Beemer Power at Doune

On Friday evening at Doune we had our 1st look at David Seaton’s beautifully built Pilbeam sportscar.

Pilbeam MP43 at Doune

 

Being based in the South, this lovely car had so far escaped our gaze this year as David competes in Northern & Scottish sprints and hillclimbs. Plenty has been written about it in Speedscene though and we greatly looked forward to seeing it.

The car is the 1st Pilbeam sportscar built (MP43-01) which was originally run by David Garnett in the mid-80s. It then passed through a variety of drivers hands until Barry Lines fitted a monsterous Rover V8 engine.
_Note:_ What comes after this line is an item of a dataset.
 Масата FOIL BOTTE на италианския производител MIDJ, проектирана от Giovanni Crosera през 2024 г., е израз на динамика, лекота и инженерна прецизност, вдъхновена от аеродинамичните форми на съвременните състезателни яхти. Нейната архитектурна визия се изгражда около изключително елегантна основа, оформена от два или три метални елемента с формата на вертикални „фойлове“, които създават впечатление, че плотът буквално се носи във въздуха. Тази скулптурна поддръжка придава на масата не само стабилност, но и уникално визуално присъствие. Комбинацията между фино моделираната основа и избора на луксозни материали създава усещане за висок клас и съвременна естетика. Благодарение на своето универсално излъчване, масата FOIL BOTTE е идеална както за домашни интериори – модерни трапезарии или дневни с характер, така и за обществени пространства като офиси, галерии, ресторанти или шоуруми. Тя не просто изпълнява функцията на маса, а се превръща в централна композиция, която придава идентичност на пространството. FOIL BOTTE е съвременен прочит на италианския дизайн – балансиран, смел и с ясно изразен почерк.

Seaton bought the car as a rolling chassis from Lines and has installed a BMW M5 V8 engine which is mated to the Hewland FG transmission.

BMW M5 V8 Engine Installation

In order to get a benchmark on the changes that have been made, Seaton invited Lines to share the car with him at Doune. That was an offer that Barry was unlikely to decline!
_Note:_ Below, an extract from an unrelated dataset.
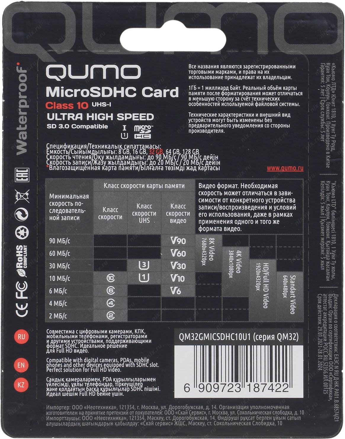 Данная карта может использоваться только в устройствах с поддержкой SDHC.

Lines had a good run in the car, despite a FAIL on his 1st competition run on Sunday, and was enthusing about the driveability of the engine after the event.

Comments

  1. Andy Barton says:

    I think I [hope correctly] recall a conversation with Barry Lines about the MP43 twin turbocharged Raver installation at Shelsley Walsh; the engine/turbo package had required an additional 100mm. to added behind the driver, with a corresponding increase in wheelbase. I think it was probably too soon after this change to discuss any affect on the handling; insufficient time in the car at that point. I wonder if this wheelbase still exists in this car, and if so, whether it was/is felt to have changed the handling, perhaps on turn in. Remember Denis Jenkinson, and his musings on The Polar Moment of Inertia? But I have never been sure whether it is possible, as an onlooker, to draw any generalisations about handling differences resulting from changes in wheelbase; it probably is greatly dependent on the locations of all the significant masses between the axle lines, but long wheelbase cars tend, as a type, to have the reputation of wanting to go straight on at bends, do they not? Can anyone shed any light on this obscurantist MP43 topic?
    Andz

  2. David Seaton says:

    It is generally considered that the extended wheelbase makes for a less edgy car, and is consequently much more pleasant to drive. This is partly on the basis that the original car was thought by many to have too short a wheelbase !
    Never having been in a shorter version it is hard for me to make a comparison, although I would suppose that the turn – in of the shorter car is somewhat sharper. I would not say that the turn-in on my car was by any means inadequate, which perhaps suggests that the wheelbase in its’ extended form has made little difference.
    Currently the car has the same wheelbase as it had in Barrie’s ownership – I am not sure that I would much fancy nearly 500 bhp in a short chassis in any case.

  3. David Seaton says:

    I should add that on my second timed run at Doune, I covered the first 64 ft in exactly 2.00 secs, which may be a side benefit of the slightly longer wheelbase !

    • Andy Barton says:

      Rambling through “back-numbers”, I found that my comment about wheelbase had brought a response, back in September. My thanks to David Seaton.